Hi, I got some oyster shells from Sunshine Coast and would like to put them in the fish tank. I heard they are good for the tank?
What should I do before putting them in the tank? wash with water? anything special I need to do??

Thanks!


----------



## Lupin (Aug 2, 2006)

They're mostly calcium carbonate. If you do plan to increase both pH and KH, then you may put them in your filter otherwise don't.


----------



## higherme (Apr 20, 2009)

so it's not a idea to put them in the tank for decoration??


----------



## SinCrisis (Aug 7, 2008)

if your ph and KH is low and you do consistent water changes, it could be ok. its like the opposite of adding driftwood to a tank. Do you have any snails? I believe snails will eat them.


----------



## SinCrisis (Aug 7, 2008)

also beware of salt content on the shells, you dont want to increase the salinity of your aquarium, if you do put them in wash thouroghly.


----------



## Byron (Mar 7, 2009)

The earlier replies have answered you, and I would strongly suggest you not add shells. You haven't indicated the pH and hardness of your tank water, and by comparison the tap water, so it is difficult to assess the extent of the effect. But one thing is certain, the shells will dissolve, adding salt (even if washed this can still occur) and calcium, and depending upon the water volume and size/number of shells, the pH will rise as will the hardness. If you have livebearers or rift lake cichlids, this will not be a problem. But if you have acidic water fish, it is certainly the last thing you want. And, if the salinity or pH changes enough, fish stress occurs and that leads to other health problems and even behavioural issues. Fish are trapped in your aquarium water, and anything that alters it is going to have an effect on the fish internally.


----------



## Lupin (Aug 2, 2006)

SinCrisis said:


> also beware of salt content on the shells, you dont want to increase the salinity of your aquarium, if you do put them in wash thouroghly.

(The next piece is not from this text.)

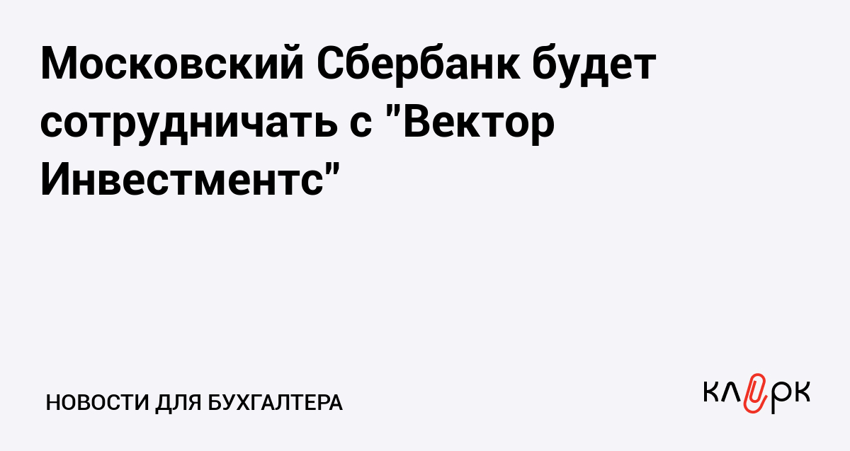 Московский банк Сбербанка России заключил договор о сотрудничестве с ООО "Вектор Инвестментс".

Salt is not an issue when it is washed thoroughly. By this time, there is very little trace of salt to damage the fish from osmotic shock. No reason to worry about beach sand, corals, etc either unless you do not want a very high KH depending on your fish. It could prove beneficial on some species and snails though.


----------



## SinCrisis (Aug 7, 2008)

i think if you post your water parameters, people on this board could help you better and give better recommendations.


----------